**Prompt:**
For each line in the records that contains "Abierto", make a copy.

**Supplied material:**
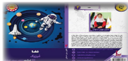
فضا گردآورنده: شایلی سهیلی اصفهانی
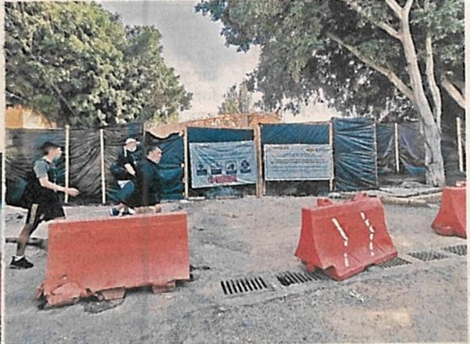
El predio del deportivo Francisco J. Mujica, en Coyoacán, tiene permitido el uso como Espacio Abierto.

Éste también es un Espacio Abierto, razón por la que el proyecto del banco iba en contra del uso de suelo. La sucursal bancaria sería construida en una cancha de basquetbol del Parque, incluso, una barda fue derribada.
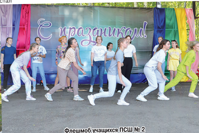
Флешмоб учащихся ПСШ № 2
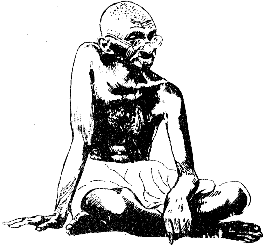
ความจริง อหิงสา มีกำลังใจเข้มแข็ง คือพลังแบบมีเหตุผล
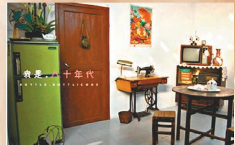
上世紀八九十年代，家庭「三大件」變成冰箱、洗衣機和彩色電視機。
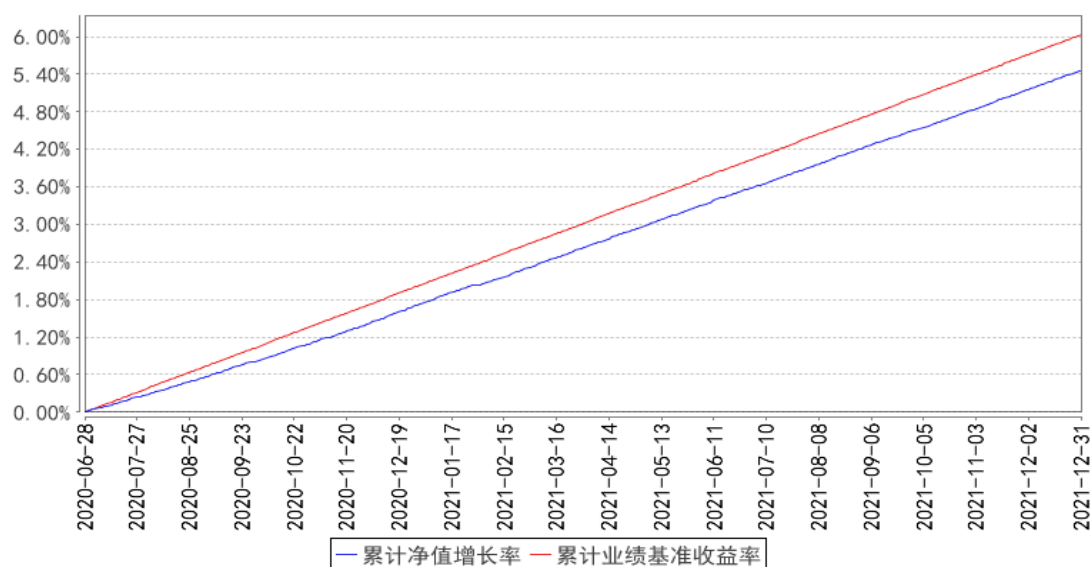
国寿安保瑞和纯债66个月定期开放债券累计净值增长率与同期业绩比较基准收益率的历史走势对比图

注：本基金基金合同生效日为 2020 年 06 月 28 日，按照本基金的基金合同规定，自基金合同生效之日起 6 个月内使基金的投资组合比例符合基金合同关于投资范围和投资限制的有关约定。本基金建仓期结束时各项资产配置比例符合基金合同约定。图示日期为 2020 年 06 月 28 日至 2021 年 12 月 31 日。
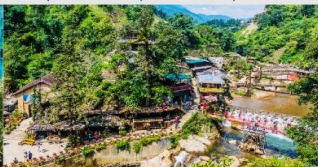
หมู่บ้านก๊ต ก๊ต
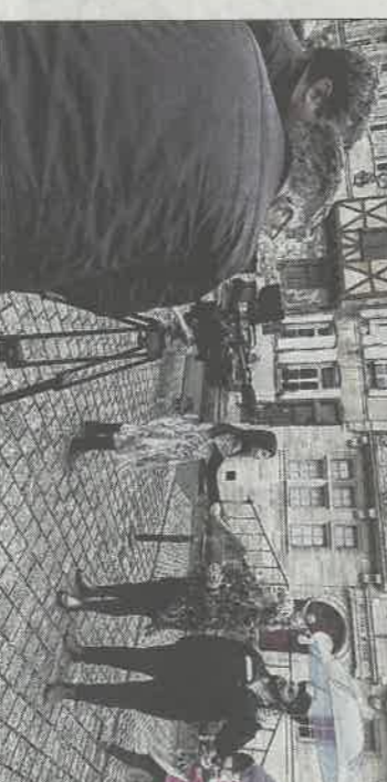
Une scène tournée place Saint-Pierre à Bar-le-Duc.
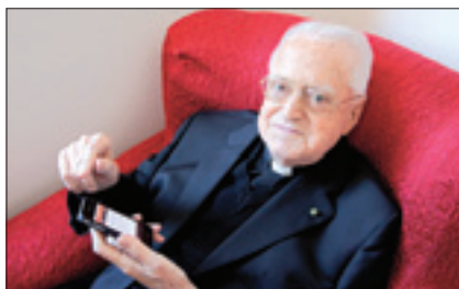
Una delle sue ultime immagini
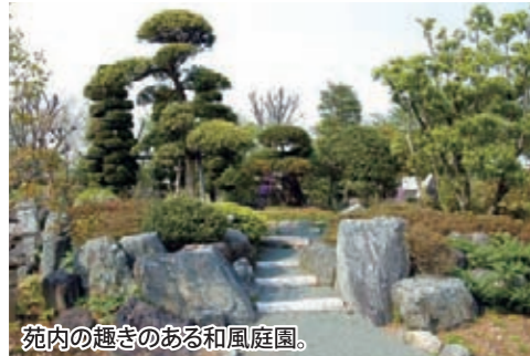
苑内の趣きのある和風庭園。
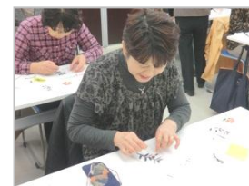
クリアファイルに貼っていきドライヤーで乾かします。
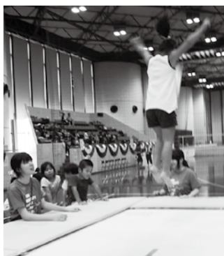
トランポリン経験教室
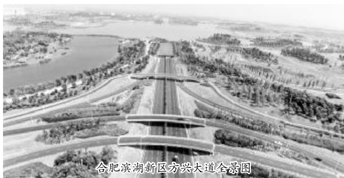
合肥滨湖新区方兴大道全景图

本报讯 刚刚从中国建筑业协会获悉,由安徽公司承建的合肥滨湖新区方兴大道(包河大道-福建路)工程捧得
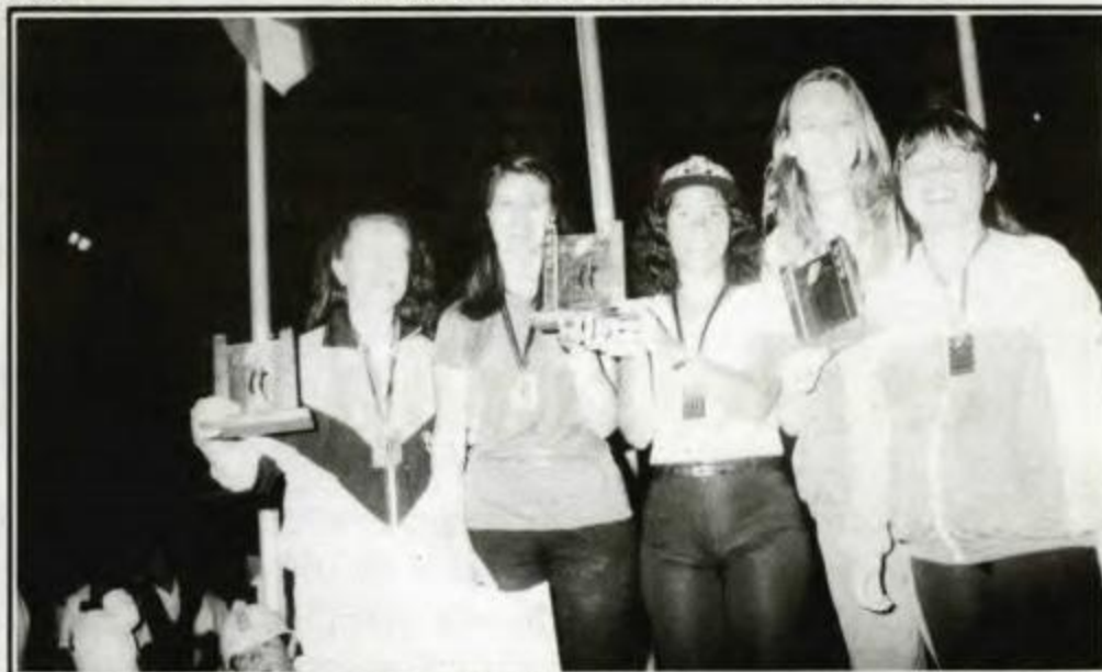
VÔLEI DE AREIA - Campeã - Jacarezinho, Vice-campeã - Umuarama, 3º lugar - União da Vitória
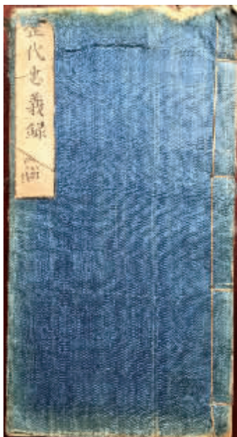
◀图1 中国本线装，一般为四眼装订。天一阁博物馆藏

明代的线装书和宋体字影响到中国周边的日本、朝鲜半岛和越南等国家和地区，在日本和韩国，宋体字至今仍被称为“明朝体”；甚至19世纪欧洲出版的书籍中使用的汉字也是宋体字。线装书和宋体字成为传统书籍装帧和印刷的规范。这种规范随着书籍一起向世界传播，使其不仅为中国书籍的规范，而且长期成为东亚汉籍的规范。明代书籍是汉字文化圈形成以后推动其多元发展的重要工具，也是中华文明在世界范围内传播的重要载体。
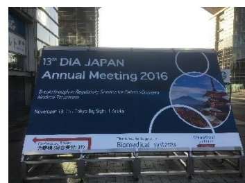
Exhibit Booth 2017
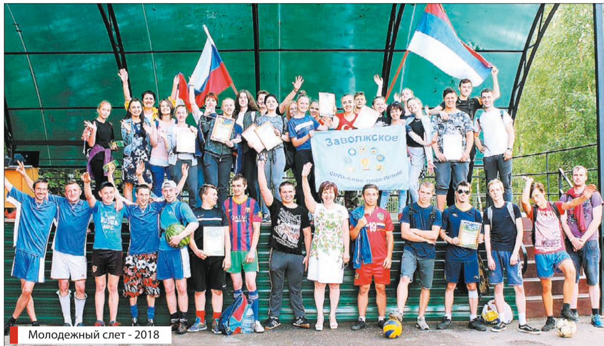
Молодежный слет - 2018

Патриотическое воспитание – один из приоритетов Григорьевского КСЦ. В преддверии 73-й годовщины Великой Победы в Спас-Витальевском доме культуры состоялся II Открытый конкурс чтецов Заволжского сельского поселения «Строки, опаленные войной». Участие в отборочных испытаниях приняли 69 артистов в возрасте от 8 лет, а 34 лучших чтеца завоевали право выступить в финале. Конкурс проходил в четырех номинациях: «Стихи», «Проза», «Литературно-
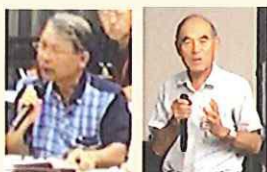
第1回寄ろう会から視えてきたもの
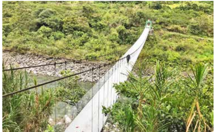
Arreglos del puente El Placer - Nueva Libertad
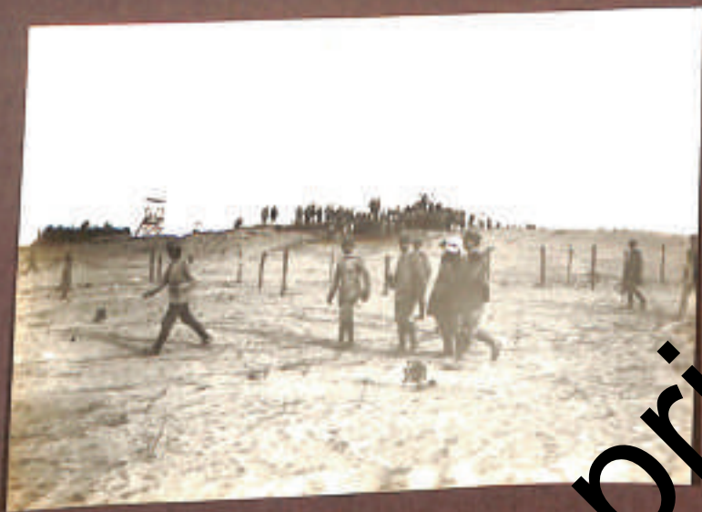
il primo parlamentare turco attorno a un albero secolare

**Reply:**
El predio del deportivo Francisco J. Mujica, en Coyoacán, tiene permitido el uso como Espacio Abierto.
Éste también es un Espacio Abierto, razón por la que el proyecto del banco iba en contra del uso de suelo. La sucursal bancaria sería construida en una cancha de basquetbol del Parque, incluso, una barda fue derribada.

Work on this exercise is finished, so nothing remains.